(Records from a data collection)
* * * * * * * * *
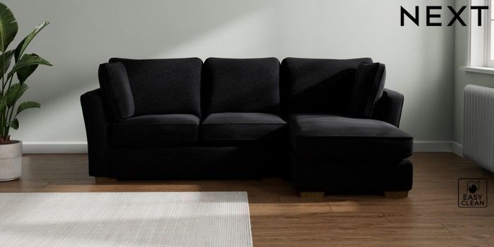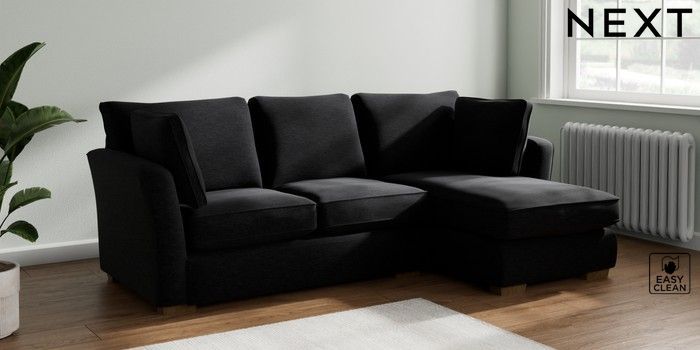 7.2.10 Heath Highback Medium Sofa Chaise - Right Hand Fine Chenille Easy Clean Black Block - Mid | Made Click here to use our website with more accessibility support, for example screen readers
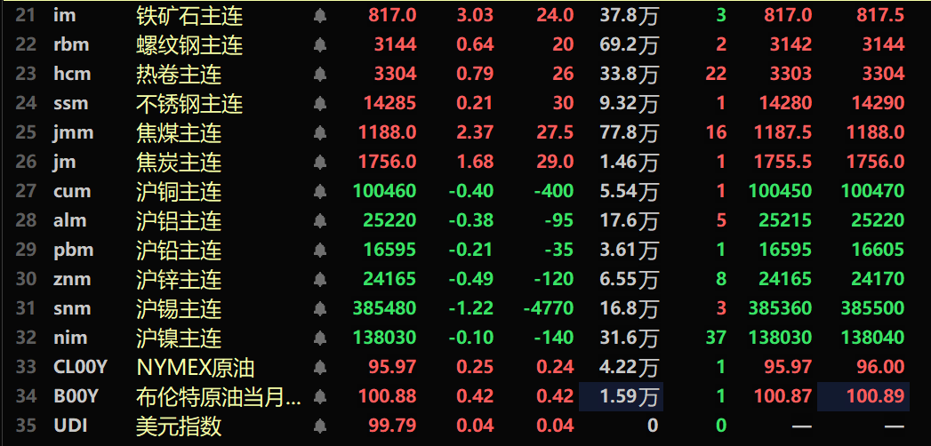 黑色系均飘红,铁矿涨3.03%,螺纹涨0.64%,热卷涨0.79%,不锈钢涨0.21%。双焦方面:焦煤主力合约涨2.37%,焦炭主力合约涨1.68%。
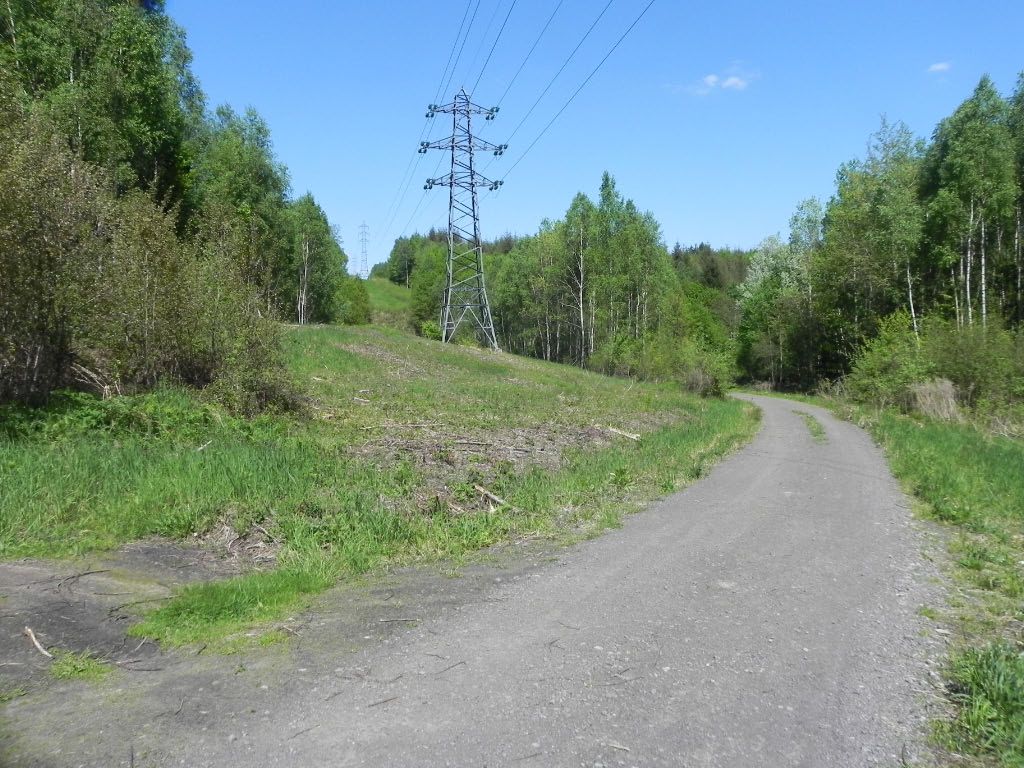 Der Weg runter zur Sandgrube in Merlebach - die Hochspannungstrasse wurde kürzlich wieder freigestellt
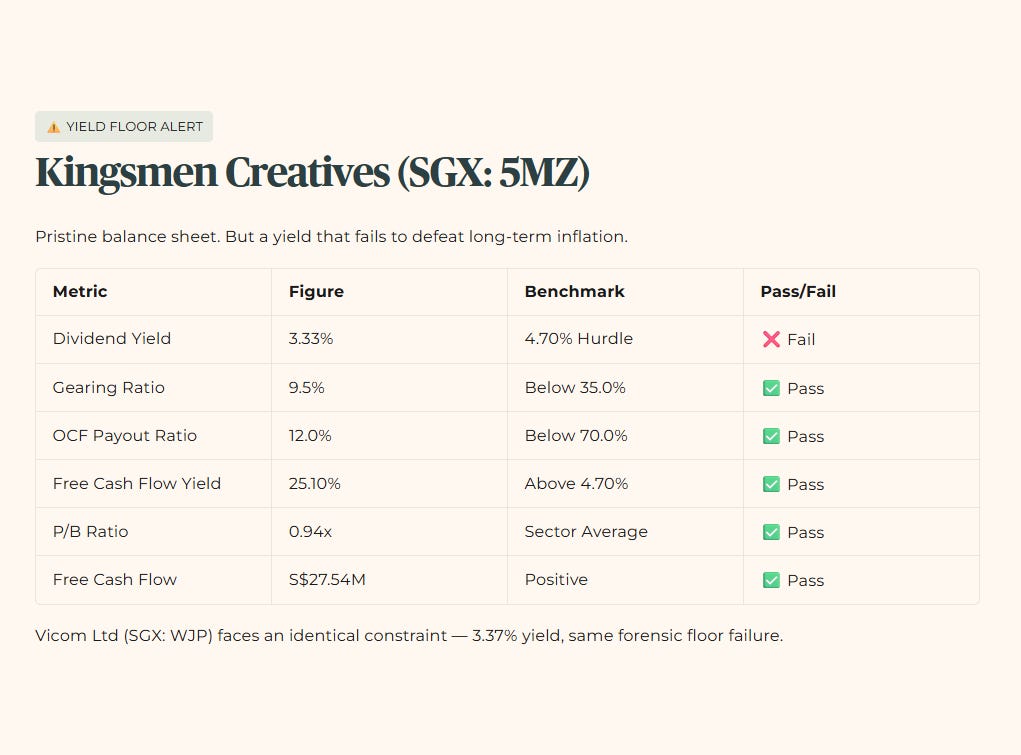 Kingsmen Creatives generated S$33.5 million in operating cash flow to comfortably fund a highly conservative S$4 million dividend. However, the 3.33% yield falls critically below Iggy’s 4.7% minimum hurdle, despite the 12.0% payout ratio sitting vastly superior to the company’s three-year historical average. Vicom Ltd (SGX: WJP) faces an identical structural constraint, currently posting a 3.37% yield that similarly fails the mandatory forensic floor.
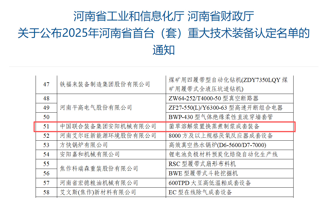 近日,河南省工業(yè)和信息化廳正式公布2025年河南省首臺(套)重大技術(shù)裝備認(rèn)定結(jié)果,中國聯(lián)合裝備集團安陽機械有限公司(以下簡稱“安陽機械”)自主研發(fā)的菌草溶解漿置換蒸煮制漿成套裝備成功入選。這一認(rèn)定不僅是對安陽機械技術(shù)實力的高度認(rèn)可,更標(biāo)志著我國在非木漿制漿裝備領(lǐng)域?qū)崿F(xiàn)重大技術(shù)突破——成功破解溶解漿原料“卡脖子”難題,為綠色制漿產(chǎn)業(yè)的革命升級注入強勁動力。作為造紙及生物質(zhì)材料產(chǎn)業(yè)的核心裝備,該成套裝備實現(xiàn)了從“以草代木”到“高效低碳”的裝備革命,開啟行業(yè)發(fā)展新征程。
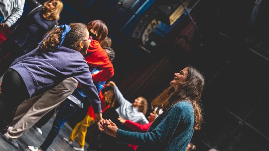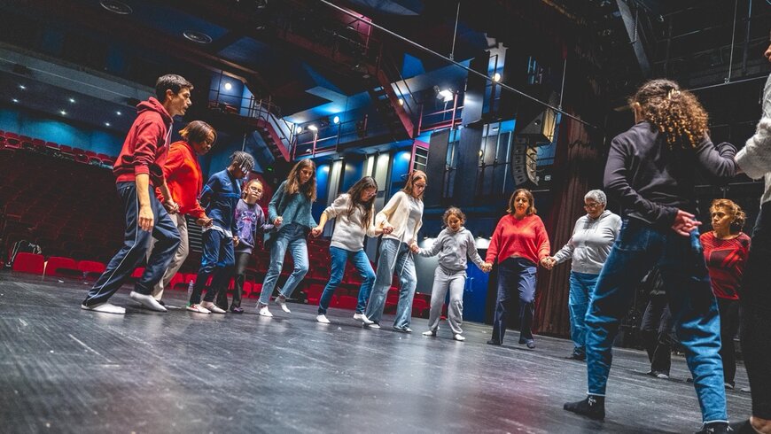 Nouvelle semaine d'ateliers avec le chorégraphe associé Massimo Fusco et le réalisateur Thibault Ras, pour Corps Oasis - Les Origines du bal : un court-métrage avec les habitantes du territoire et leurs enfants et petits-enfants.
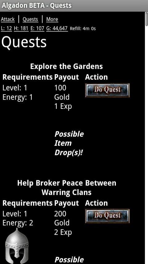 Free medieval/fantasy role playing game (MMORPG) that allows players to perform quests, battle monsters/beasts, fight players, place bounties, and much more. Players can buy weapons, armor, spells, food, etc. to help in leveling, training to become stronger, and questing. Fully mobile friendly; free registration required.
* * * * * * * * *
## WHAT THE EXERCISE ASKS
Restate the data above word for word. Skip every picture.

## ANSWER SPACE
 7.2.10 Heath Highback Medium Sofa Chaise - Right Hand Fine Chenille Easy Clean Black Block - Mid | Made Click here to use our website with more accessibility support, for example screen readers
 黑色系均飘红,铁矿涨3.03%,螺纹涨0.64%,热卷涨0.79%,不锈钢涨0.21%。双焦方面:焦煤主力合约涨2.37%,焦炭主力合约涨1.68%。
 Der Weg runter zur Sandgrube in Merlebach - die Hochspannungstrasse wurde kürzlich wieder freigestellt
 Kingsmen Creatives generated S$33.5 million in operating cash flow to comfortably fund a highly conservative S$4 million dividend. However, the 3.33% yield falls critically below Iggy’s 4.7% minimum hurdle, despite the 12.0% payout ratio sitting vastly superior to the company’s three-year historical average. Vicom Ltd (SGX: WJP) faces an identical structural constraint, currently posting a 3.37% yield that similarly fails the mandatory forensic floor.
 近日,河南省工業(yè)和信息化廳正式公布2025年河南省首臺(套)重大技術(shù)裝備認(rèn)定結(jié)果,中國聯(lián)合裝備集團安陽機械有限公司(以下簡稱“安陽機械”)自主研發(fā)的菌草溶解漿置換蒸煮制漿成套裝備成功入選。這一認(rèn)定不僅是對安陽機械技術(shù)實力的高度認(rèn)可,更標(biāo)志著我國在非木漿制漿裝備領(lǐng)域?qū)崿F(xiàn)重大技術(shù)突破——成功破解溶解漿原料“卡脖子”難題,為綠色制漿產(chǎn)業(yè)的革命升級注入強勁動力。作為造紙及生物質(zhì)材料產(chǎn)業(yè)的核心裝備,該成套裝備實現(xiàn)了從“以草代木”到“高效低碳”的裝備革命,開啟行業(yè)發(fā)展新征程。
 Nouvelle semaine d'ateliers avec le chorégraphe associé Massimo Fusco et le réalisateur Thibault Ras, pour Corps Oasis - Les Origines du bal : un court-métrage avec les habitantes du territoire et leurs enfants et petits-enfants.
 Free medieval/fantasy role playing game (MMORPG) that allows players to perform quests, battle monsters/beasts, fight players, place bounties, and much more. Players can buy weapons, armor, spells, food, etc. to help in leveling, training to become stronger, and questing. Fully mobile friendly; free registration required.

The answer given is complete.